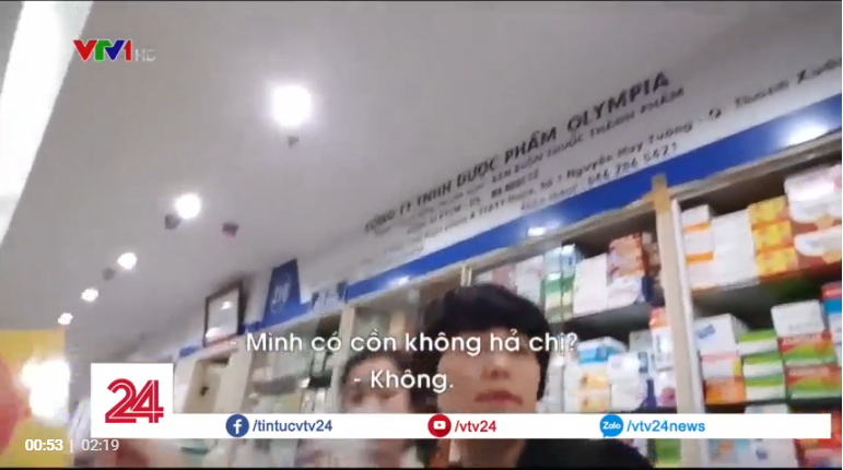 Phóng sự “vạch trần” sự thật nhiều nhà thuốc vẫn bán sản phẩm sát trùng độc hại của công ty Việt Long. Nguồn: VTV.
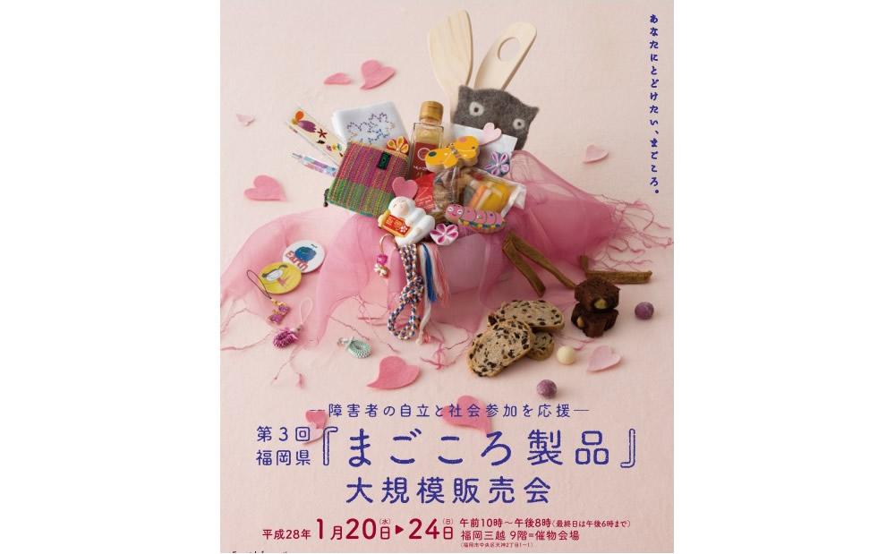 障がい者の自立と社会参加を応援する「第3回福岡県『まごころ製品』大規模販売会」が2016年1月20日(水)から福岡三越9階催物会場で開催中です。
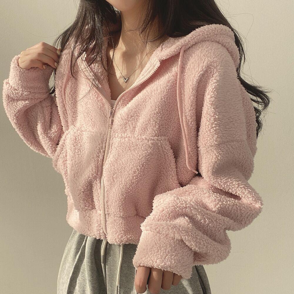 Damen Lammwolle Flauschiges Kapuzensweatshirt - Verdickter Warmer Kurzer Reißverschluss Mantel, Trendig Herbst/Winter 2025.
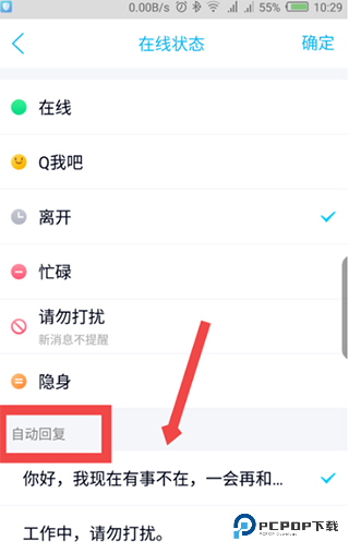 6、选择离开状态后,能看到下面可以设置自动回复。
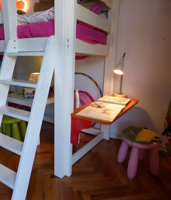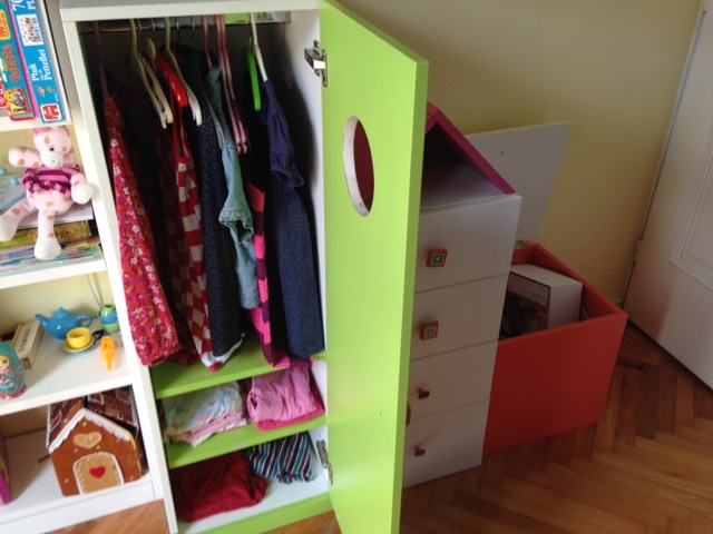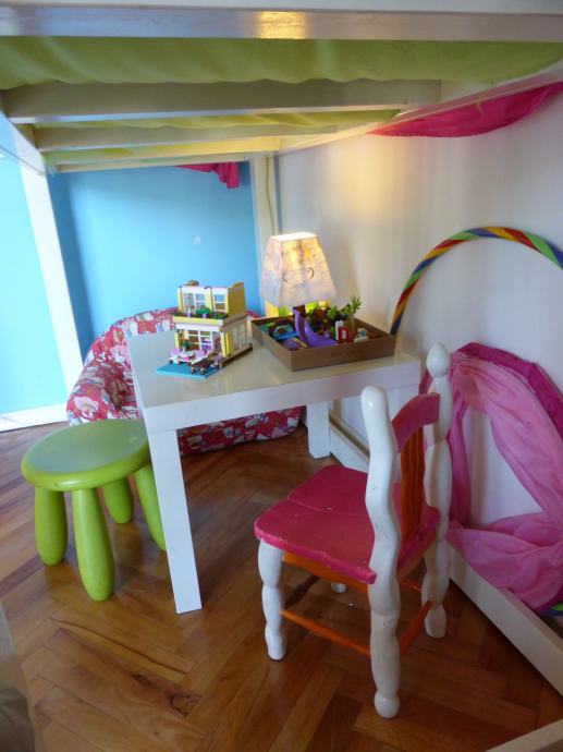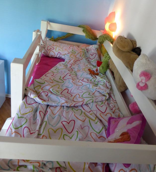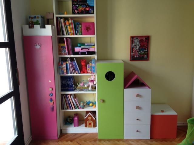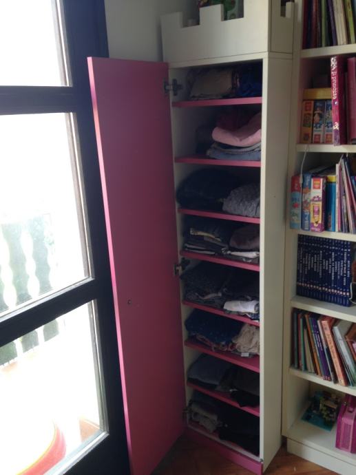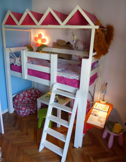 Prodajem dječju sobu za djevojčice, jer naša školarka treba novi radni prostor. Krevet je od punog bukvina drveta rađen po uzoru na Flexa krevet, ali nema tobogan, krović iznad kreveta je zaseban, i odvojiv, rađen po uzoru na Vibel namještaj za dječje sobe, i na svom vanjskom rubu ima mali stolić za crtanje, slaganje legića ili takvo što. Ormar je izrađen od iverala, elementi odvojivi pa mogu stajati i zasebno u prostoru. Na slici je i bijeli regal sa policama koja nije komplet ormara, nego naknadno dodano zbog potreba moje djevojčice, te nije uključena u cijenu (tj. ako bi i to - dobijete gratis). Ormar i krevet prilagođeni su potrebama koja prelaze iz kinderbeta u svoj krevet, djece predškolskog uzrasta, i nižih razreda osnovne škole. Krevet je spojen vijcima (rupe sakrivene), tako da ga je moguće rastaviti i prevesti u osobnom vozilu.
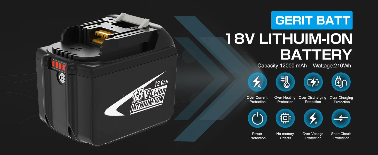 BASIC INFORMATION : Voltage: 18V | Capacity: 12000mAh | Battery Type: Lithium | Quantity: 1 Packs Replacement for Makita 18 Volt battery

BRIEF: Extract precisely the lines beginning at the line containing "6、选择离开状态后,能看到下面可以设置自动回复。" and ending at the last line of the entries above, exactly as written and with no pictures.

REPLY TO THE EXERCISE:
 6、选择离开状态后,能看到下面可以设置自动回复。
 Prodajem dječju sobu za djevojčice, jer naša školarka treba novi radni prostor. Krevet je od punog bukvina drveta rađen po uzoru na Flexa krevet, ali nema tobogan, krović iznad kreveta je zaseban, i odvojiv, rađen po uzoru na Vibel namještaj za dječje sobe, i na svom vanjskom rubu ima mali stolić za crtanje, slaganje legića ili takvo što. Ormar je izrađen od iverala, elementi odvojivi pa mogu stajati i zasebno u prostoru. Na slici je i bijeli regal sa policama koja nije komplet ormara, nego naknadno dodano zbog potreba moje djevojčice, te nije uključena u cijenu (tj. ako bi i to - dobijete gratis). Ormar i krevet prilagođeni su potrebama koja prelaze iz kinderbeta u svoj krevet, djece predškolskog uzrasta, i nižih razreda osnovne škole. Krevet je spojen vijcima (rupe sakrivene), tako da ga je moguće rastaviti i prevesti u osobnom vozilu.
 BASIC INFORMATION : Voltage: 18V | Capacity: 12000mAh | Battery Type: Lithium | Quantity: 1 Packs Replacement for Makita 18 Volt battery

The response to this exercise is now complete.